There’s always a fine balance between work and family, but I’m still trying to wrap my head around it. I recently resumed work after my maternity leave expired and I can tell you that it has not been easy caring for an 8-month baby and working on a full-time 9-5 job. I’ll take you back to a week before my resumption and my first day of resumption.
Before I resumed work, I had a colleague who also went on maternity leave a year before I did and she would tell me tales of how emotionally attached she was with her baby and I could tell that she really missed her baby from her ‘every second call’ to her nanny. With that in mind, I began to set my emotions in check for the D-day.
On the morning of my resumption, I woke up in a high spirit, I had my bath, wore my favorite floral dress that I had abandoned when I was pregnant and put on some makeup and jewelry. After getting ready to leave for work, I stood in front of my full-length mirror and admired how beautiful I looked because sincerely speaking I had not had time for a proper me-time and self-care. Before I left home, I gave all my baby’s essentials to my sister who lives with my husband and me and told her all she needed to do for my baby.
After what seemed like a 10-mile drive to work, I was finally in front of my work building, at first I had a partial guilt feeling because I was not taking care for my baby by myself and I was not with her but then again I had to work to earn a living so that I can take care of her.
After being warmly welcomed by my colleagues I felt like my old self again and I gradually let go of the guilt feeling.

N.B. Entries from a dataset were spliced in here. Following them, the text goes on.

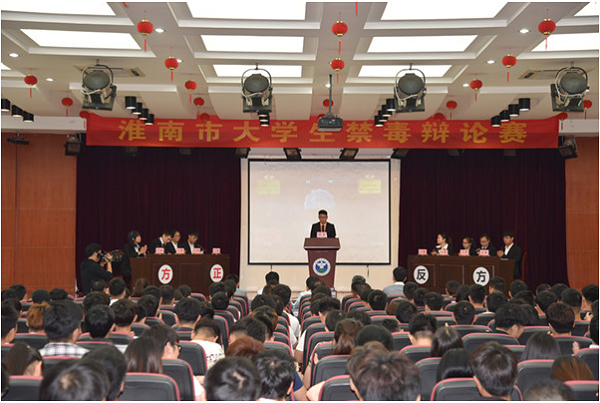 5月11日,由淮南市团市委、淮南市禁毒办主办的淮南市大学生禁毒辩论赛在安徽工贸职业技术学院举行。来自安徽理工大学和淮南师范学院的辩手们,就“禁毒工作主要依靠政府的力量”、“禁毒工作主要依靠社会的力量”展开辩论。安徽理工大学代表队为正方,淮南师范学院代表队为反方。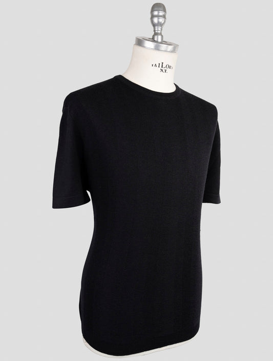 Kiton KNT Black Viscose Wool Long Sleeve T-Shirt - Handmade Italy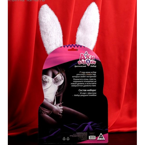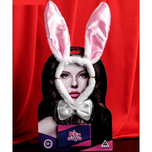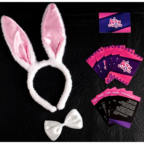 Эротический набор Ахи-Вздохи: Девушка-плейбой - ободок с ушками, галстук-бабочка, 10 карт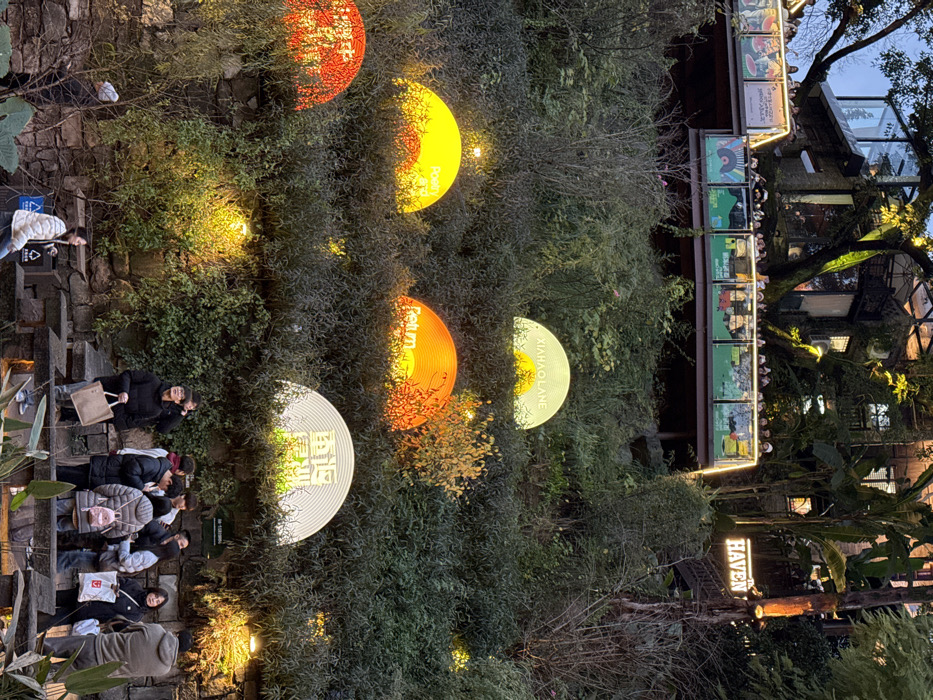 The image depicts a multi-level, illuminated leisure area built into a vegetated hillside, likely in the Nan'an District of China, at dusk or early evening. **Environment:** The scene is dominated by a steep hillside covered densely with various green foliage and trees. Artificial lighting, including spotlights, illuminates the vegetation and structures. Stone retaining walls are visible at the base of the hillside. **Structures:** * **Upper Level:** A modern building with extensive glass elements, including large windows and glass railings on a wide terrace or balcony, is situated atop the hillside. An integrated tree passes through or alongside this structure. A neon sign displaying "HAVEN" is affixed to the building's exterior on the upper right. The terrace railing features decorative panels with graphic designs. * **Mid-Level:** The hillside slope is adorned with five prominent, semi-circular, internally illuminated signs embedded within the greenery. From left to right, bottom to top, these signs display: Chinese characters in red; "Poet" in yellow; "Return" in orange; Chinese characters in white; and "XIAHAO LANE" in a lighter yellow or white. * **Lower Level:** A paved pedestrian area, possibly a walkway or plaza, is present at the base of the hillside, constructed with stone elements and ledges. A dark trash receptacle is visible on the far left. **People:** * **Upper Level:** A crowd of approximately 20-30 individuals is visible standing along the railing of the upper terrace. Their forms are discernible, but individual features are obscured by distance and lighting. * **Lower Level:** A group of roughly 10-15 individuals is gathered on the paved area. They are dressed in casual winter attire. Actions include standing, conversing, and walking. Several individuals are holding shopping bags or personal items. One person on the far left is partially obscured, seated on a ledge.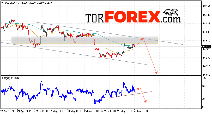 В пользу подъёма котировок XAG/USD выступит тест нисходящей линии тренда на индикаторе относительной силы (RSI). Вторым сигналом станет отскок от верхней границы нисходящего канала. Отменой варианта падения цен на Серебра 28 мая 2019 станет сильный рост и пробой 14.95. Это укажет на пробой верхней границы модели и продолжение роста в область выше уровня 15.65. Ожидать ускорения падения котировок XAG/USD стоит с пробоем области поддержки и закрытием ниже уровня 14.45.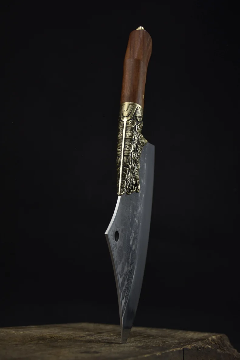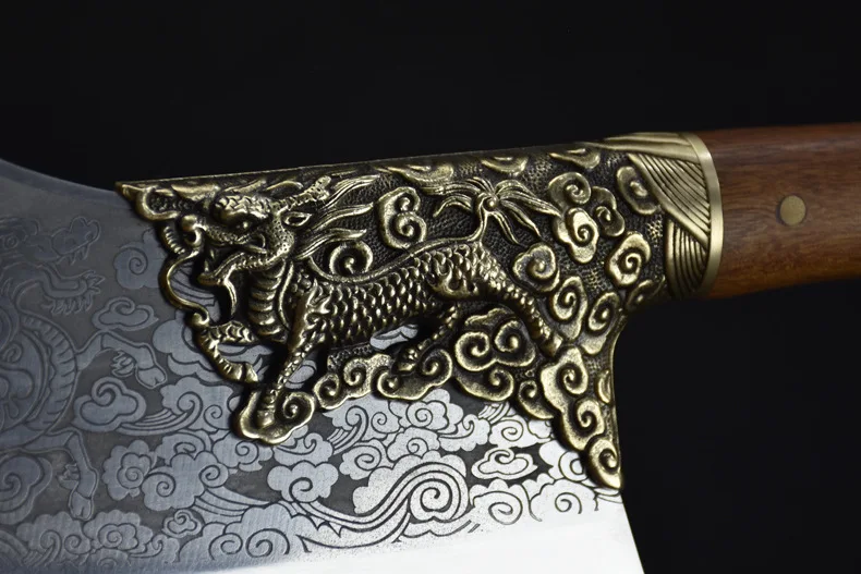 Longquan Ножи 7Cr17MoV ручной кованые Сталь Кухня ножи Медь Kirin Декор 9,5 дюймов мачете для нарезки Кливер Chop большой Ножи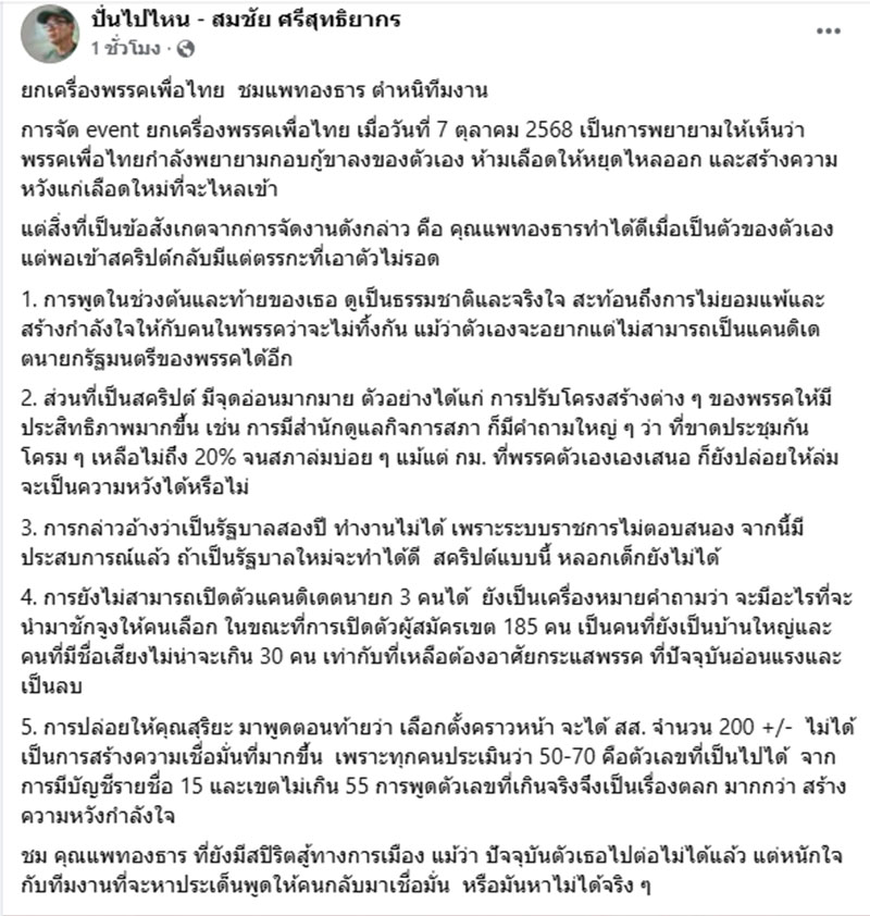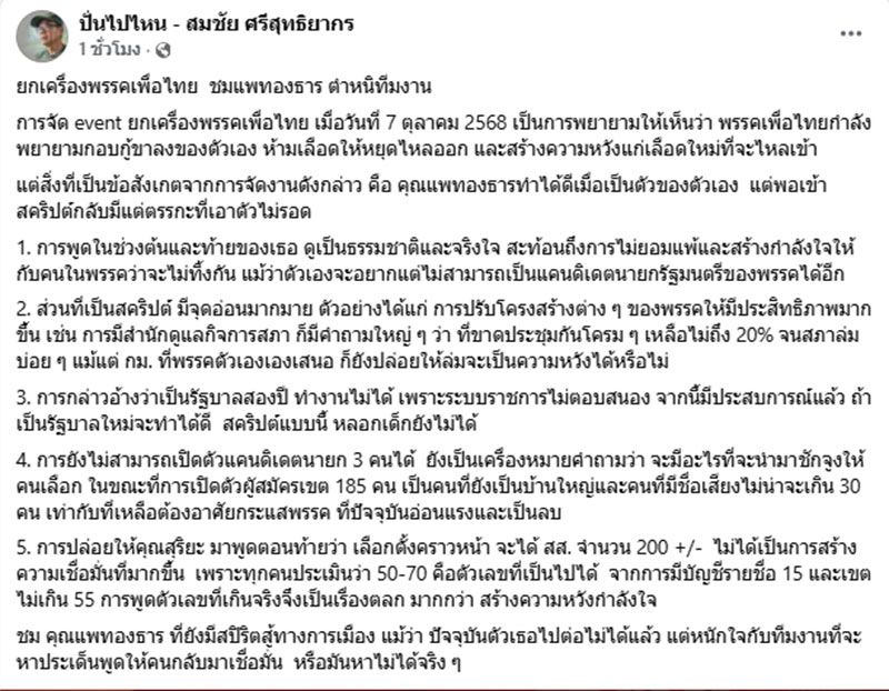 วันที่ 8 ตุลาคม 2568 นายสมชัย ศรีสุทธิยากร อดีตกรรมการการเลือกตั้ง (อดีต กกต.) โพสต์เฟซบุ๊ก “ปั่นไปไหน – สมชัย ศรีสุทธิยากร” ระบุว่า ยกเครื่องพรรคเพื่อไทย ชมแพทองธาร ตำหนิทีมงาน

However, an hour after I had settled at work, I began to miss my baby in a way that I couldn’t explain, it felt like I was missing a piece of me. Without further ado I called my sister’s phone but she didn’t respond, I dialed it again still no response and before I could calm myself, I began to cry because I was worried and scared, only for my sister to call me 3 minutes later to tell me that she was upstairs playing with my baby and her phone was downstairs.
I am gradually adjusting to my work life, although I still get emotional sometimes, I have improved and I know that 80% of nursing mothers have experienced similar situations when they resume work. Getting a fine balance between work and family is always hectic but I’m still trying to wrap my head around it.